Even health-sector leaders like Switzerland had long ago ceased to produce basic equipment such as protective masks for the simple reason that is was no longer profitable. Given the reality that a sufficient number of masks was generally only available to medical staff, there was a reasonable fear that ordinary people would “hoard” whatever was still to be had — as they certainly did with toilet paper — thus depriving medical personnel of vital equipment. At the same time, however, the WHO’s recommendation undermined its own reputation when national governments started to reverse course and advocated, if not mandated, the use of protective masks for ordinary citizens in public spaces.
Fundamental Challenge
What all of this suggests is that the WHO
is faced with a fundamental challenge of how to reconcile the fact that most of
its funds come from advanced industrial countries — the US, Japan, Germany
— but its mandate is global, addressing primarily the needs of the poor south.
Here, the WHO is hardly unique. International cooperation depends to a large
degree on the willingness of the rich north to share a part of its wealth with
those less fortunate.
The recent history of the European Union
shows that this a challenge that is hardly unique. Greece in the years
following 2008 or Italy today are reminders that solidarity, even among
partners in Europe, is a scarce commodity. In the end, national interests tend
to prevail over common ideals. Countries that contribute a lion’s share of the
common budget have a tendency to want to be in control. From this perspective,
Trump’s visceral decision to suspend payments to the WHO is perfectly
reasonable, even if it goes against basic moral sensitivities.

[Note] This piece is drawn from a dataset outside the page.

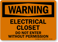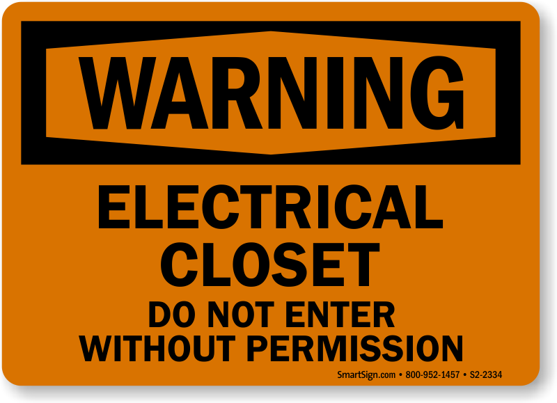 Make sure electrical closets are not accessed by an unauthorized person. This OSHA Warning Sign is clear and to-the-point.

The fallout from the current crisis suggests that after it is finally over, the WHO will have to revisit its response to the coronavirus pandemic. But so too will most Western countries, which, unlike Taiwan, South Korea and Singapore, were completely unprepared for it. As a recent article in The Telegraph noted, the latter were prepared because they had followed earlier recommendations by the WHO. These were countries that in 2003 had been exposed to the SARS epidemic. Scarred by the experience, they looked to the WHO for advice on how to meet such an emergency. It is to be hoped that the experience of the current crisis will convince countries in Europe and overseas to not only avail themselves of the expertise the WHO clearly has to offer but also follow its recommendations.
This, however, presupposes that the WHO is able to restore its credibility and overall image, which have suffered considerably over the past several months. If the current crisis has shown one thing, it is the dire need for an institution that is competent, impartial and effective enough to serve as a focal point of gathering information from, and distributing information to, member states and can act as a center of coordination of the various individual initiatives and innovations provoked by a crisis.
The shock provoked by Trump’s rash action
and the response by the rest of the world community in support of the WHO are important
steps in the right direction. As The Telegraph notes, given its intellectual
resources and expertise, the WHO is uniquely positioned to fulfill an essential
role — provided there is a willingness on the part of individual states to
cooperate in a crisis and heed the WHO’s recommendations.
The views expressed in this article are the author’s own and do not necessarily reflect Fair Observer’s editorial policy.